Staatsanwaltschaft ermittelt bei Plasser & Theurer

Staatsanwaltschaft ermittelt bei Plasser & Theurer

Verdacht des Betrugs und der Wirtschaftsspionage gegen Konkurrenten System 7

Wie profil in der aktuellen Ausgabe berichtet, lässt die Staatsanwaltschaft Krems seit 2016 im Umfeld des Linzer Plasser & Theurer-Konzerns (PT) wegen des Verdachts des Betrugs und der Wirtschaftsspionage ermitteln. Nach profil-Recherchen führt die StA derzeit 13 Beschuldigte, unter ihnen der Industrielle Josef Theurer, dessen Enkel Johannes Max-Theurer, der Manager der Deutsche Plasser Bahnbaumaschinen GmbH Peter Josef Flatscher sowie der langjährige „Sicherheitsberater“ der Deutschen Plasser, Sascha Wandl.
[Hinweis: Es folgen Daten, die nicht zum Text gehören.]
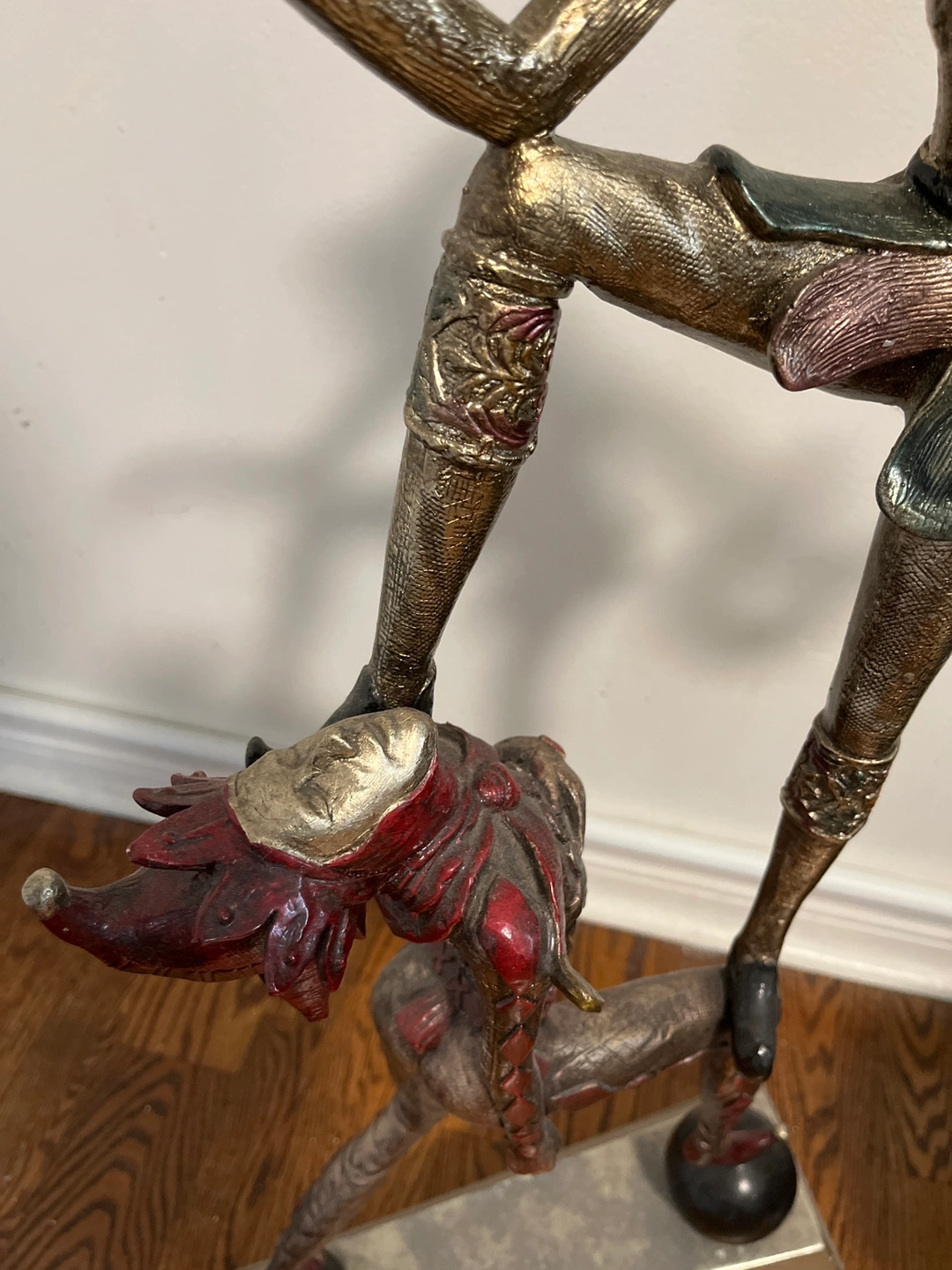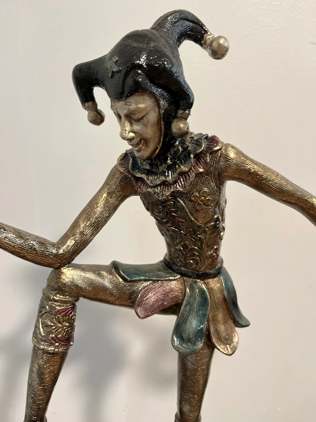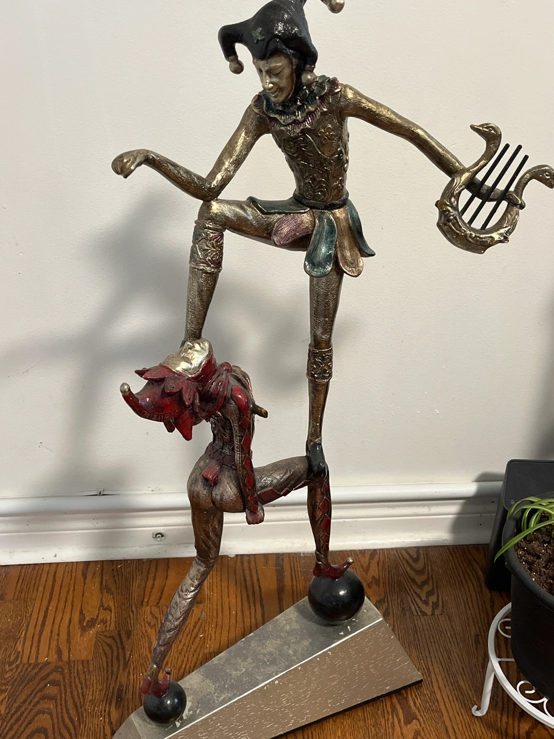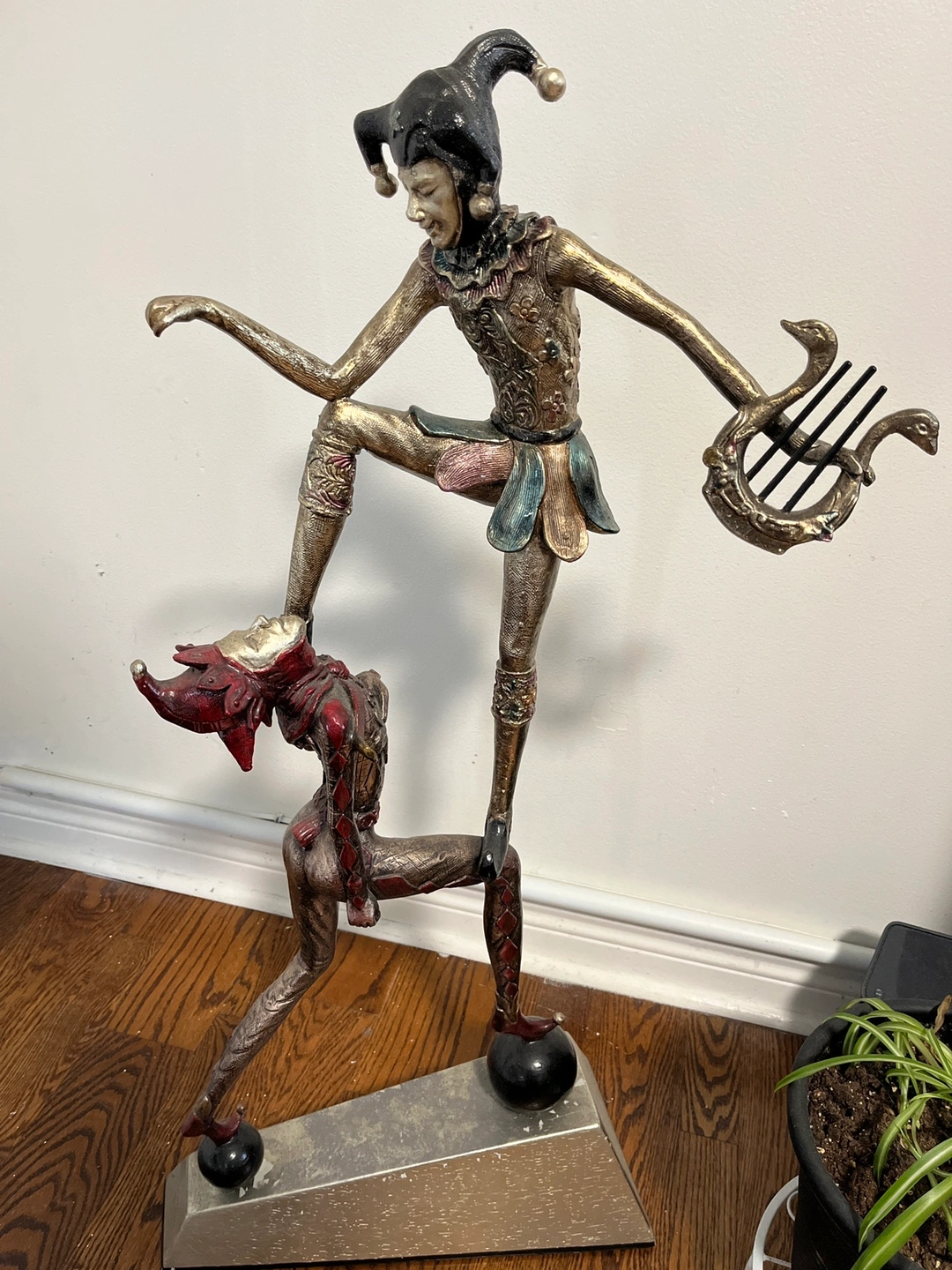 jester statue with two jesters balancing on top of each other. One jester holds a lyre.

Wandl hatte nach einem Zerwürfnis mit seinem Auftraggeber Anfang 2016 in Österreich Selbstanzeige erstattet, das Landeskriminalamt Niederösterreich und das Bundesamt für Verfassungsschutz und Terrorismusbekämpfung nahmen die Ermittlungen auf.
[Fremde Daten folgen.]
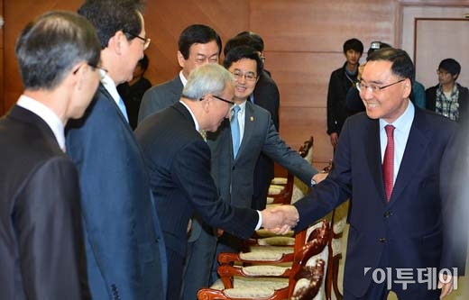 정홍원 국무총리와 현오석 경제부총리가 3일 오전 서울 세종로 정부서울청사에서 열린 ‘국가정책조정회의’에 앞서 인사를 나누고 있다. 방인권 기자 bink7119@
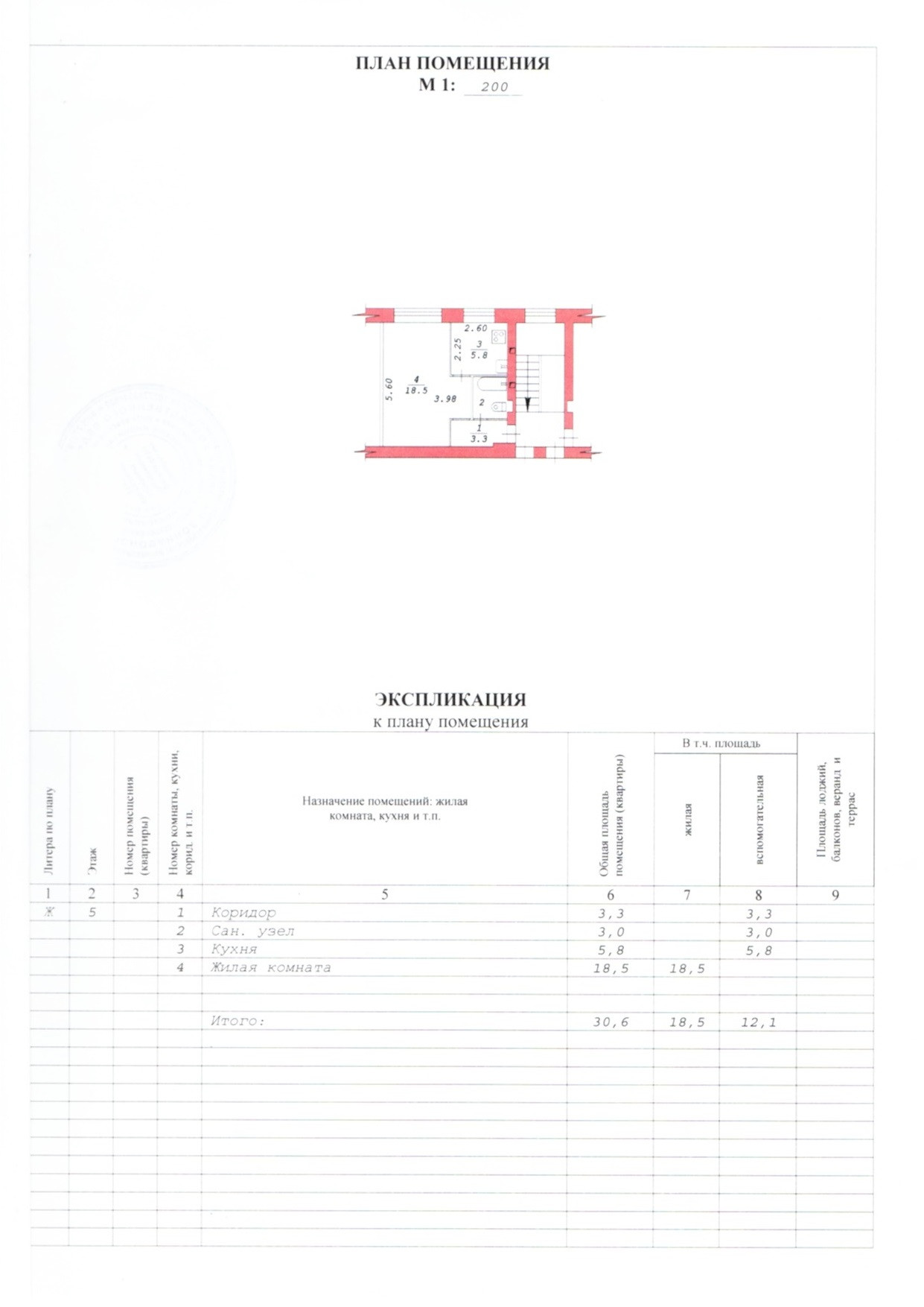 Общая площадь 30.6 м2

Wandl soll in Flatschers Auftrag (angeblich mit Wissen und Billigung der Theurers) zwischen 2014 und 2015 „verdeckte Operationen“ gegen den österreichischen PT-Mitbewerber System 7 Railsupport GmbH (S7) organisiert haben. Eine von Wandl geleitete Gruppe privater „Ermittler“ soll S7 in betrügerischer Absicht (etwa unter Einsatz eines an einem Geschäftsabschluss vermeintlich interessierten „Tarnunternehmens“) Geschäftsgeheimnisse entlockt und diese an die Deutsche Plasser übergeben haben.

In einer profil vorliegenden Stellungnahme Flatschers an die StA Krems bestätigt dieser zwar, Wandl mit „legalen Ermittlungen“ gegen S7 beauftragt zu haben, bestreitet aber mit aller Vehemenz, „illegale Aktivitäten“ angeordnet, gebilligt oder auch nur davon gewusst zu haben. Die Anwälte der Familie Theurer betonen in einer Stellungnahme an profil, dass Josef Theurer und Johannes Max-Theurer über Art und Umfang von Wandls Leistungen für die Deutsche Plasser zu keinem Zeitpunkt informiert gewesen seien.

PT führt seit 2016 in Linz ein Privatanklageverfahren gegen die Gründer von System 7, zwei ehemalige PT-Ingenieure. Sie sollen, so der Vorwurf, Betriebs- und Geschäftsgeheimnisse mit in die Selbstständigkeit genommen haben – was S7-Anwalt Gerold Wietrzyk entschieden zurückweist.